Эльзе не требовались доказательства, чтобы в это поверить. Она и так знала, как любит ее отец, как он балует ее, совсем как дедушка баловал ее маму. И от этой мысли сердце вдруг болезненно сжалось. После разговора остался неприятный осадок. Не думать, приказала она себе. Прыгнуть, как в озеро.

Водитель отвез ее к Северине. Эльза зашла в дом и даже выпила с подругой чашку чая, угостившись чудесными воздушными пирожными и рассеянно слушая какие-то сплетни про общих знакомых. Затем черным ходом она выскользнула в сад, прокралась в его дальний конец и перелезла через ограду, где в условленном месте уже дожидался Алекс.

Эльза гадала, что же он приготовил для нее, пока они мчались по вечерним улицам столицы. Алекс привез ее к лодочной станции, где все желающие могли взять напрокат лодку или водный велосипед. Река здесь делала небольшой изгиб, течение ее замедлялось, и потому кататься считалось безопасно. Старик-лодочник совершенно очевидно знал о визите заранее и ждал их. Он дал Алексу новую чистую лодку, выкрашенную в зеленый цвет с номером, нанесенным белой краской на борту, и помог Эльзе спуститься в нее, галантно придерживая за руку.

Когда они собрались отплывать, старик поставил на корму масляный фонарь, чтобы в сумерках им стало лучше видно друг друга. Огонек, надежно защищенный стеклом, светил ровно и уверенно. Так же сияли и глаза Алекса, когда он смотрел на Эльзу, сидя напротив нее.

Не думать, напомнила она себе снова. Прыгнуть.

Белая рубашка с распахнутым воротником оттеняла загорелую кожу Алекса, делая ее смуглее, его мышцы натягивали ткань на плечах под каждый всплеск весла о воду. Эльза невольно залюбовалась им. Пресвятой светлый бог, какой же он все-таки красивый и сильный, прямо глаз не оторвать. Ей нестерпимо захотелось провести рукой по груди Алекса, прижаться к нему, почувствовать, что значит принадлежать любимому мужчине душой и телом. Сердце трепыхалось, но теперь не от испуга, а от приятного волнения. Бояться себе Эльза категорически запретила.

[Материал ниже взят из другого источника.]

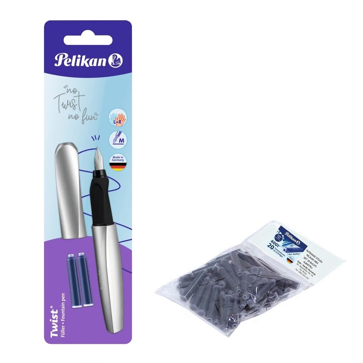 Set stilou Pelikan Twist argintiu, blister, penita M, cu 20 rezerve cerneala Pelikan
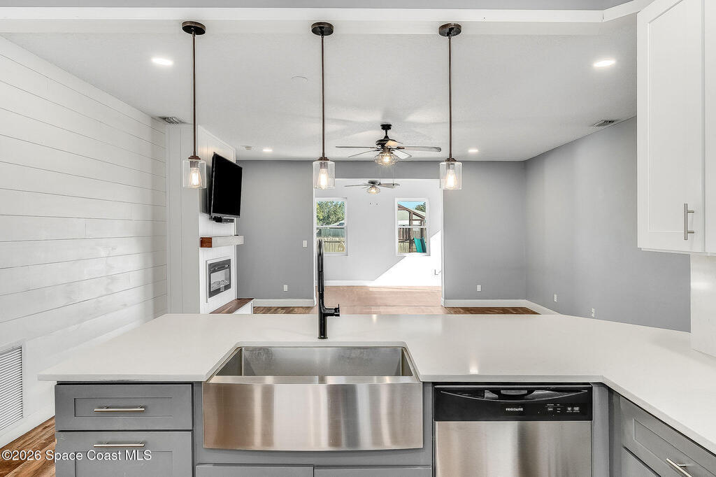 Welcome to this thoughtfully designed 3-bedroom, 2-bath home in sought after Grand Haven Development.This home features a split floor plan that offers both privacy and functionality A versatile flex space off the master provides the perfect area for a home office, playroom or gym. The heart of the home is the open-concept kitchen, complete with quartz countertops, ample cabinetry, and seamless flow into the living and dining areas- ideal for everyday living an entertaining. The living room is anchored by a stylish built in fireplace, adding warmth and character.Step outside to a large backyard designed for gatherings and relaxation, featuring a pergola and a summer kitchen. Plenty of space for a future pool.Roof - 2019, A/C - 2023 and Water Heater - 2023
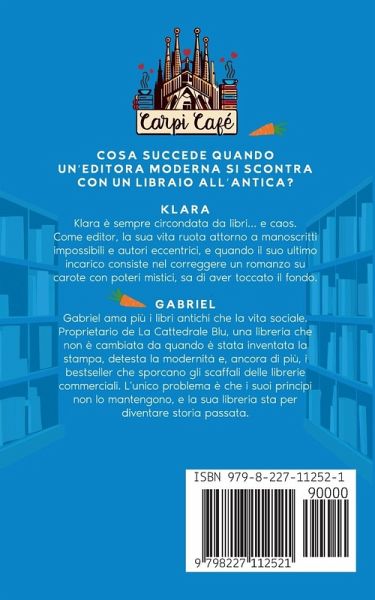 Klara... Klara è sempre circondata da libri... e caos. Come editor, la sua vita ruota attorno a manoscritti impossibili e autori eccentrici, e quando il suo ultimo incarico consiste nel correggere un romanzo su carote con poteri mistici, sa di aver toccato il fondo. Gabriel... Gabriel ama più i libri antichi che la vita sociale. Proprietario de La Cattedrale Blu, una libreria che non è cambiata da quando è stata inventata la stampa, detesta la modernità e, ancora di più, i bestseller che sporcano gli scaffali delle librerie commerciali. L'unico problema è che i suoi principi non lo mantengono, e la sua libreria sta per diventare storia passata. Cosa succede quando un'editora moderna si scontra con un libraio all'antica? Tra libri impolverati, clienti distratti e un adorabile coniglio mangia-cavi, Klara e Gabriel saranno costretti a collaborare per organizzare l'evento letterario dell'anno. Ma più tempo passano insieme, più scoprono che il vero caos non si trova sugli scaffali disordinati della vecchia libreria... ma in quello che provano l'uno per l'altra. ¿ ¿ ¿ ¿ ¿ Amore tra le righe è una commedia romantica piena di umorismo, libri e sorprese inaspettate. Perfetta per chi crede che l'amore possa trovarsi tra le pagine più polverose... o tra due persone che non hanno nulla in comune. Amore tra le righe è un romanzo romantico autoconclusivo che si legge in un battito di ciglia. Introduce la serie contemporanea di romcom Carpi Café e conquisterà le fan del chick lit alla Bridget Jones, Sophie Kinsella e Marian Keyes. Serie Carpi Café (Storie d'Amore alla Caffetteria)Amore al Buio (racconto) Amore tra le Righe Amore in Costruzione Il Mio Coinquilino (Im)perfetto
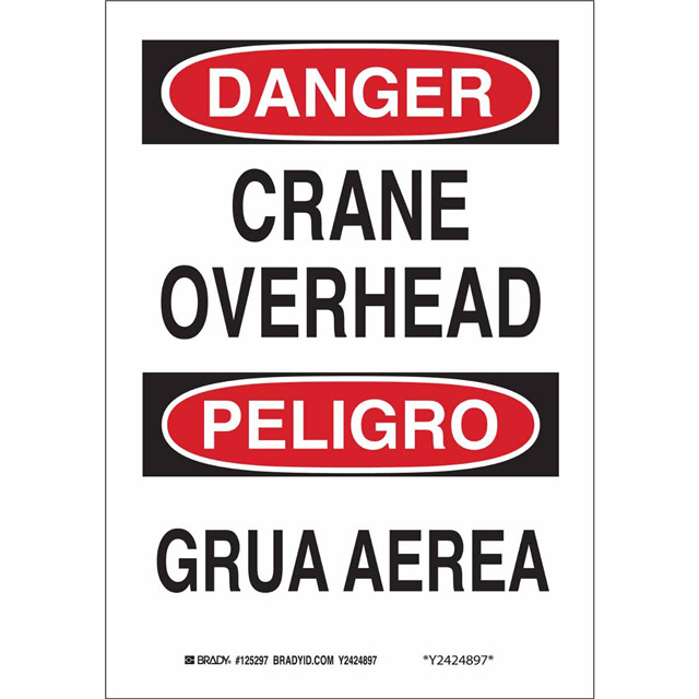 This is manufactured by Brady Corporation. The manufacturer part number is 125173. Label with a size of 14.00" l x 10.00" w (355.6mm x 254.0mm). The product is rohs3 compliant. It is assigned with possible HTSUS value of 3926.90.9989. It has a classic black and red legend, white background colour. The product brady®, is a highly preferred choice for users. The product is made from highly stable and reliable polyester. In addition, it is reach unaffected. Its typical moisture sensitivity level is not applicable. In addition, bulk is the available packaging type of the product. A bespoke label is a danger/peligro. crane overhead/grua aerea label. The product is suitable for use with danger. It has a long 4 weeks standard lead time. The brady corporation's product offers user-desired applications. The product is designated with the ear99 code number.
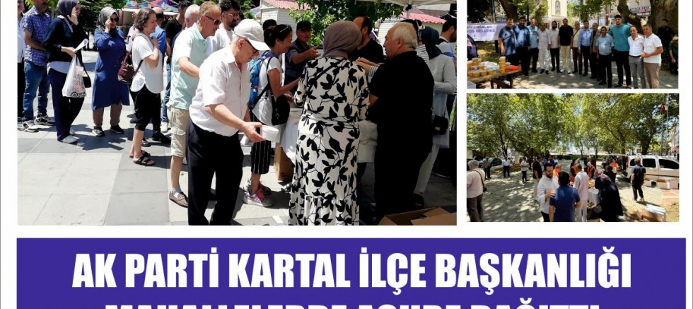 Aşure dağıtımına, AK Parti Kartal İlçe Başkanı Haydar Göksoy, Kadın Kolları Başkanı, Gençlik Kolları Başkanı, Meclis Üyeleri, Mahalle Başkanları ve teşkilat mensupları katıldılar. İlçe teşkilatı olarak  bu kadim geleneği komşularımızla buluşturmanın mutluluğunu yaşadık.
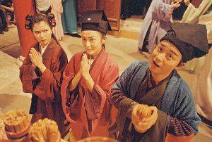 劇照2:高志森要在四個小時內拍完那場有十個演員雲集演出的壓軸戲,但是拍攝當天早上烏雲密布,還下起雨來,可是到了下午,演員們通通到齊之際,天空居然大放光明,天公造美,半滴雨水也沒有。
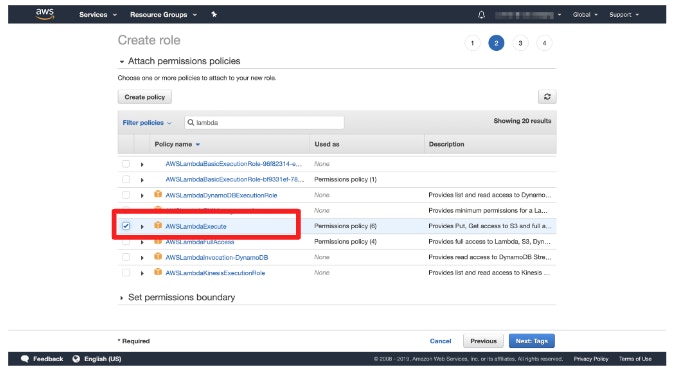 Therefore, the AWS account you use on the AWS management console must have the permissions listed below.
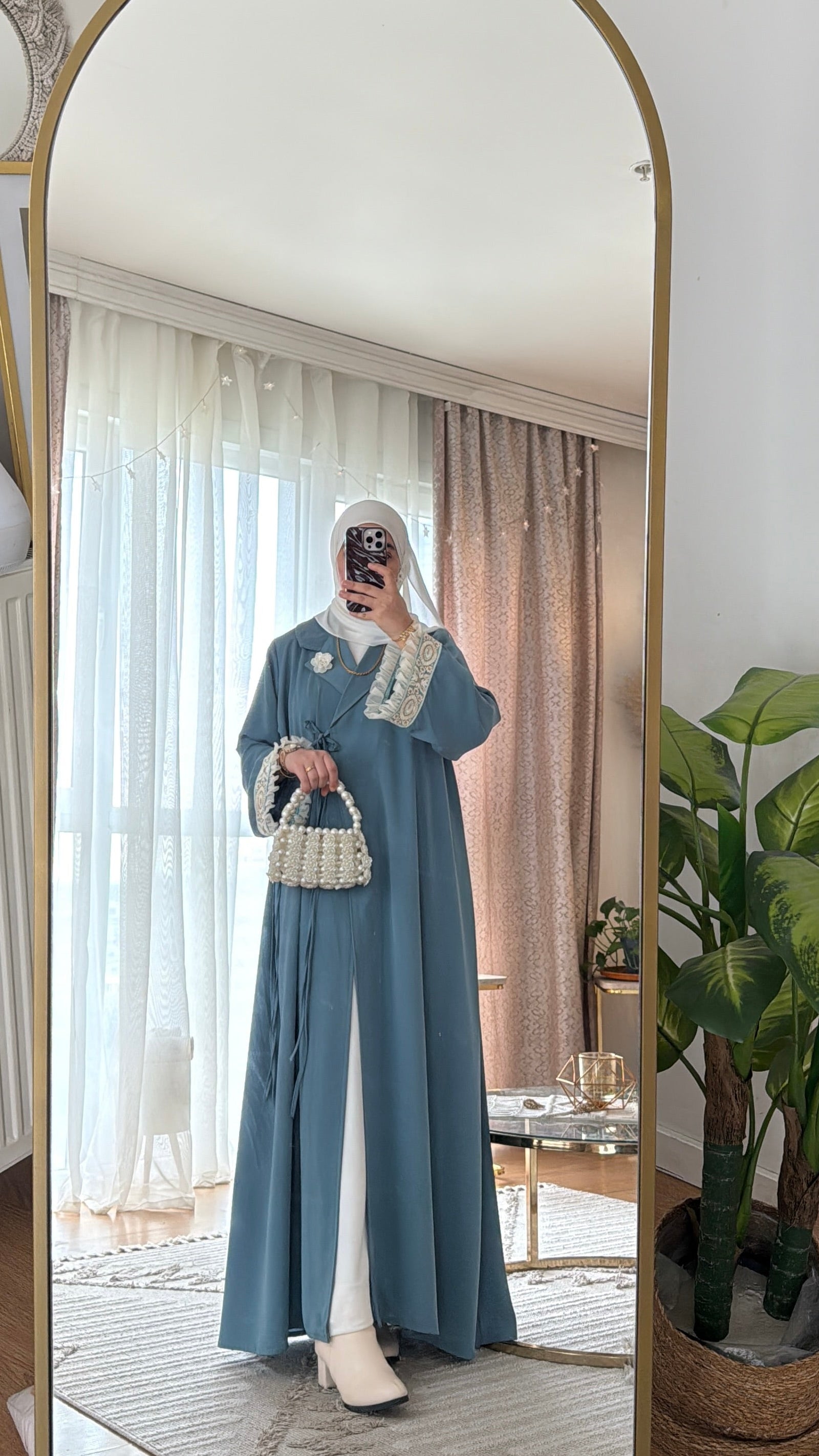 الاستايل بتاعها كورازيه ومطرزه بتطريز فخم بارز
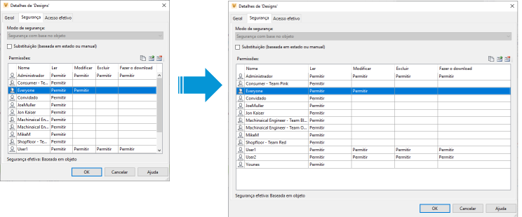Para trabalhar com mais facilidade na guia Segurança, a caixa de diálogo Detalhes agora é redimensionável.
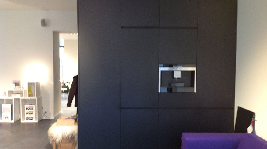De kitchenette is ook verwerkt met het koffiemachine in zicht. Dit vonden we niet storen dat dit zichtbaar bleef, omdat dit ook een soort van ‘design’ is. Links van het koffieapparaat staat is een deur die volledig op en kan, en waarachter een spoelbakje verborgen zit, onder de koffiezet staat een afwasmachine. Op de hoek van de “gevelbekleding “ naar de kitchenette konden de greepbalken niet doorlopen.
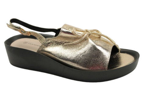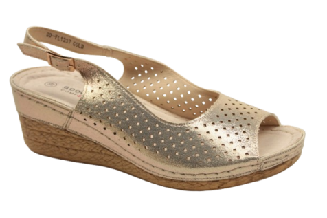 Sandały GD-FL1237 Złote Ażurowe na koturnie Skórzana wkładka
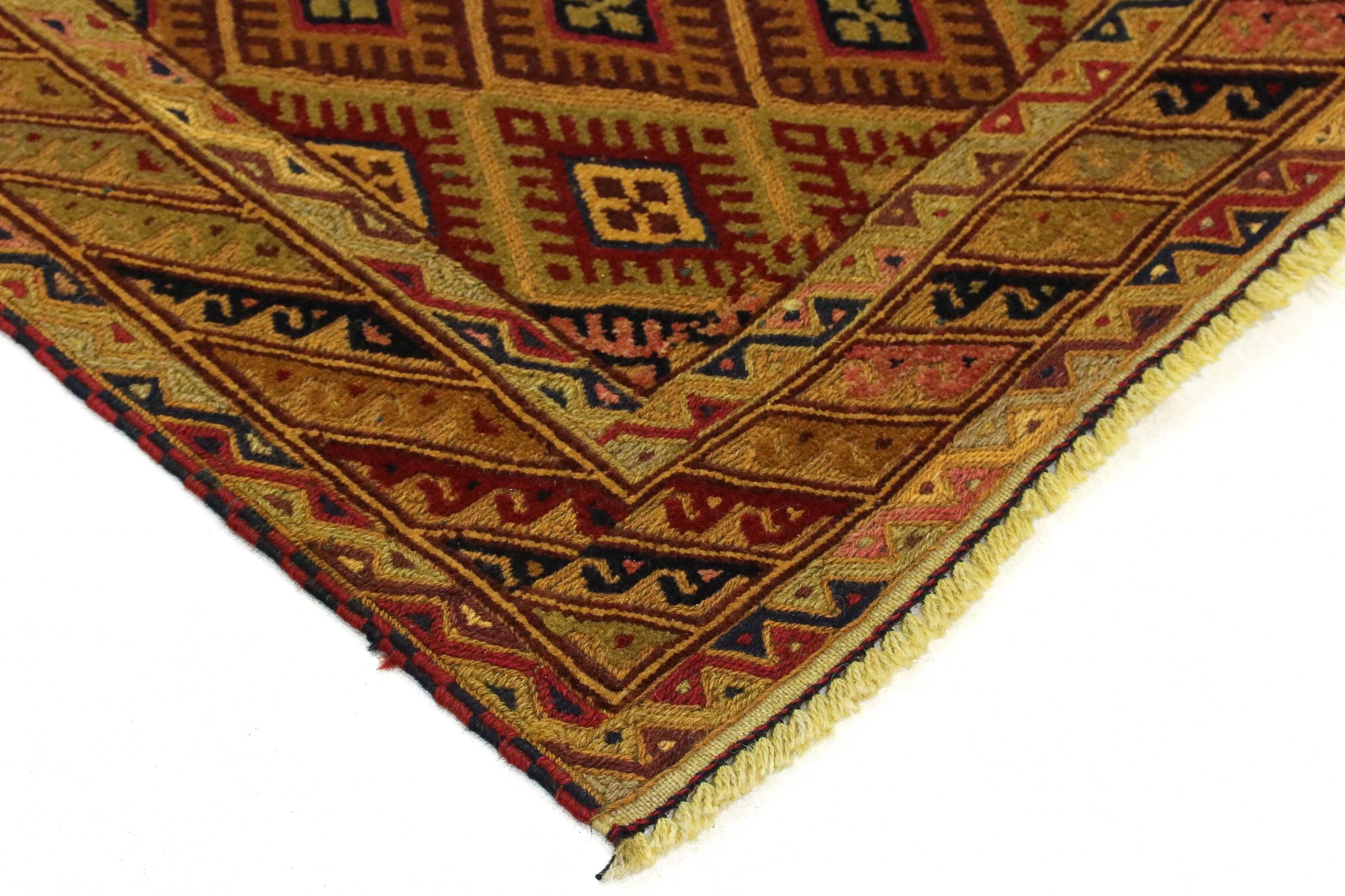 Deze handgeweven kilim Afghan is prachtig door de veelzijdige kleuren en het typische patroon. Het is handgeweven in Afghanistan van 100% schapenwol. Het is ongetwijfeld robuuster en duurzamer dan machinaal vervaardigde tapijten. Daarnaast heeft deze kelim een ​​heel eigen karakter. Een uniek stuk voor jou en je huis dat je nooit meer zult vinden.
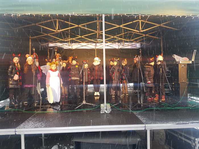 Další akce byla hned ve čtvrtek- Čertování v DDM a ve škole pak beseda s panem spisovatelem. Týden jsme ukončili návštěvou zámku s vánoční výzdobou a vystoupením děti. A na závěr dne bylo naše dlouhodobé očekáváné a trénované vystoupení při rozsvěcení stromečku na náměstí.
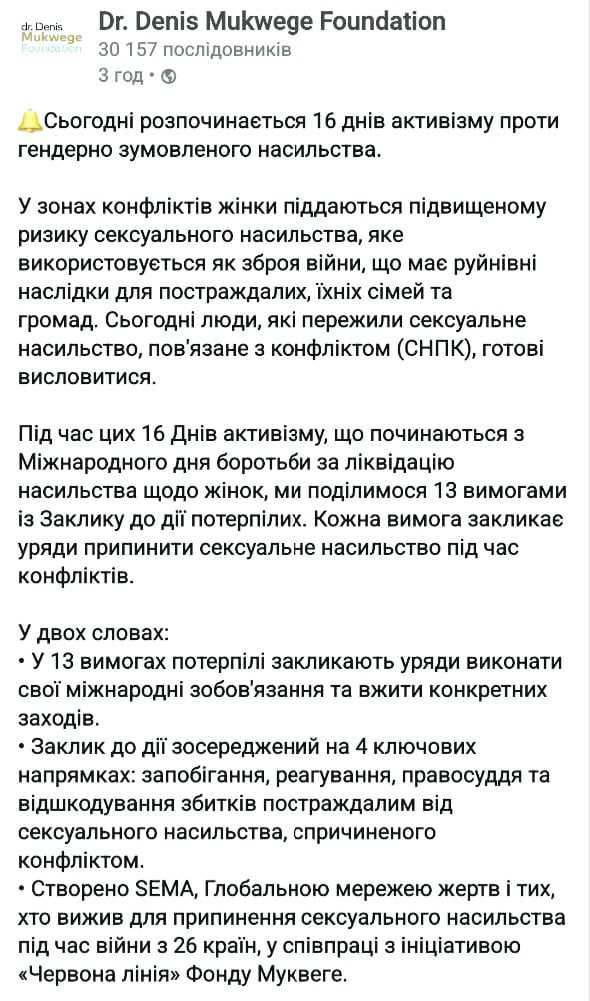 Про це розповіла Ерін Розенберг, старша радниця з правових та політичних питань Фонду доктора Деніса Муквеге.

Вечерний воздух напитался свежестью и прохладой и стал тяжелым, как плащ, упавший на плечи. Казалось, лодка не плывет, а скользит по черной ленте реки. Последний луч солнца умер на горизонте, и по небосклону рассыпался целый ковер, сотканный из звезд. Эльза подняла голову, разглядывая привычные созвездия: Всадника и Змея, Деву с кувшином, Львицу и Северного Медведя. На миг ей даже почудилось, что мир перевернулся, и она сейчас упадет в эту огромную мировую бездну из лодки, плывущей вверх ногами. И на миг упасть туда и раствориться в безбрежном море захотелось. Но только с Алексом.

— Ты такая красивая сегодня, — раздался его негромкий голос.

Эльза опустила взгляд. Алекс смотрел на ее обращенное к небу лицо, открывшуюся линию шеи, его руки продолжали размеренно трудиться над веслами, но в глазах полыхал настоящий пожар. А может, это так преломлялся в его зрачках фонарный свет? Эльза сглотнула и несмело улыбнулась в ответ. Она облизнула губы, и Алекс повторил это едва уловимое движение за ней.

— Такая красивая, что я ощущаю себя самым счастливым на свете.

Он вдруг оставил весла в уключинах, подался вперед, схватившись обеими руками за борта лодки, чтобы сохранить равновесие. Встал на колени перед Эльзой, скользя жадными ладонями по ее бедрам сквозь ткань тонкого платья, целуя ее губы, искусанные и влажные, своим горячим нежным ртом. Их поцелуй пах ветром с реки и ночными звездами. Лодка перевернулась, и они начали падать, падать вверх, в бездонный океан, усыпанный серебристыми искрами. Эльза откинула голову, наслаждаясь этими долгими секундами падения и прикосновениями губ Алекса к своей шее. Затем в какой-то момент она осознала, что они движутся не вверх, а в сторону, по гладкой черной ленте, неподвижной, как гранит.

— Лодку сносит, — прошептала она в висок Алекса, зарываясь пальцами в его густые непослушные волосы.

— У меня крышу от тебя сносит, — хрипло пробормотал он, стискивая ее талию, неистово исследуя языком грудь прямо через платье, — а ты говоришь лодку…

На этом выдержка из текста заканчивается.